_Required action:_ What's wanted is a faithful retyping of every entry, pictures excluded.

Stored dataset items
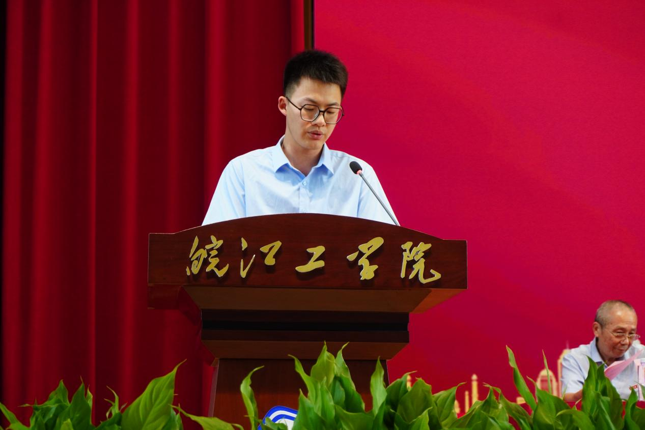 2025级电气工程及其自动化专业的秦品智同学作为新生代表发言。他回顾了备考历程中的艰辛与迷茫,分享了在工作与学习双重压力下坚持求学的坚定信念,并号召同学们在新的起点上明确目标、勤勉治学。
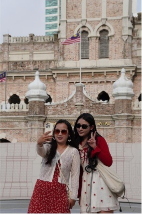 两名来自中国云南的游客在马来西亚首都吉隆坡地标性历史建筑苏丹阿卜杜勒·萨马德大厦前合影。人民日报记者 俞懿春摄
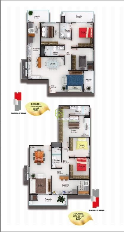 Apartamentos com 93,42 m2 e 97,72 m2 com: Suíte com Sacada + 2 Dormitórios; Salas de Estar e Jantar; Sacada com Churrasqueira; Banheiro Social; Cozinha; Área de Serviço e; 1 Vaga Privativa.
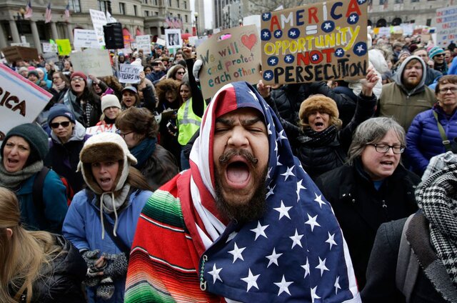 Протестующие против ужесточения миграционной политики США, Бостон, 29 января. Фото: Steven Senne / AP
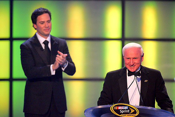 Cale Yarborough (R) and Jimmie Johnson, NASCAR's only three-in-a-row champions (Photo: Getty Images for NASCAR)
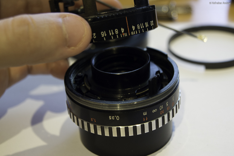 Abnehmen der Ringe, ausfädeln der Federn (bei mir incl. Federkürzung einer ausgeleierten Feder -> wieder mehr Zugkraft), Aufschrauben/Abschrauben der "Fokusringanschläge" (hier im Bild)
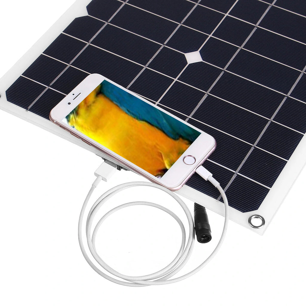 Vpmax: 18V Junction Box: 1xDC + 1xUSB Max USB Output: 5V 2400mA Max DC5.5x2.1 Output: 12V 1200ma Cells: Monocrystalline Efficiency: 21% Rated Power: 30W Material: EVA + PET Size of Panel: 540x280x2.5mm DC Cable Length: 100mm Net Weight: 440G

_Exercise response:_
 2025级电气工程及其自动化专业的秦品智同学作为新生代表发言。他回顾了备考历程中的艰辛与迷茫,分享了在工作与学习双重压力下坚持求学的坚定信念,并号召同学们在新的起点上明确目标、勤勉治学。
 两名来自中国云南的游客在马来西亚首都吉隆坡地标性历史建筑苏丹阿卜杜勒·萨马德大厦前合影。人民日报记者 俞懿春摄
 Apartamentos com 93,42 m2 e 97,72 m2 com: Suíte com Sacada + 2 Dormitórios; Salas de Estar e Jantar; Sacada com Churrasqueira; Banheiro Social; Cozinha; Área de Serviço e; 1 Vaga Privativa.
 Протестующие против ужесточения миграционной политики США, Бостон, 29 января. Фото: Steven Senne / AP
 Cale Yarborough (R) and Jimmie Johnson, NASCAR's only three-in-a-row champions (Photo: Getty Images for NASCAR)
 Abnehmen der Ringe, ausfädeln der Federn (bei mir incl. Federkürzung einer ausgeleierten Feder -> wieder mehr Zugkraft), Aufschrauben/Abschrauben der "Fokusringanschläge" (hier im Bild)
 Vpmax: 18V Junction Box: 1xDC + 1xUSB Max USB Output: 5V 2400mA Max DC5.5x2.1 Output: 12V 1200ma Cells: Monocrystalline Efficiency: 21% Rated Power: 30W Material: EVA + PET Size of Panel: 540x280x2.5mm DC Cable Length: 100mm Net Weight: 440G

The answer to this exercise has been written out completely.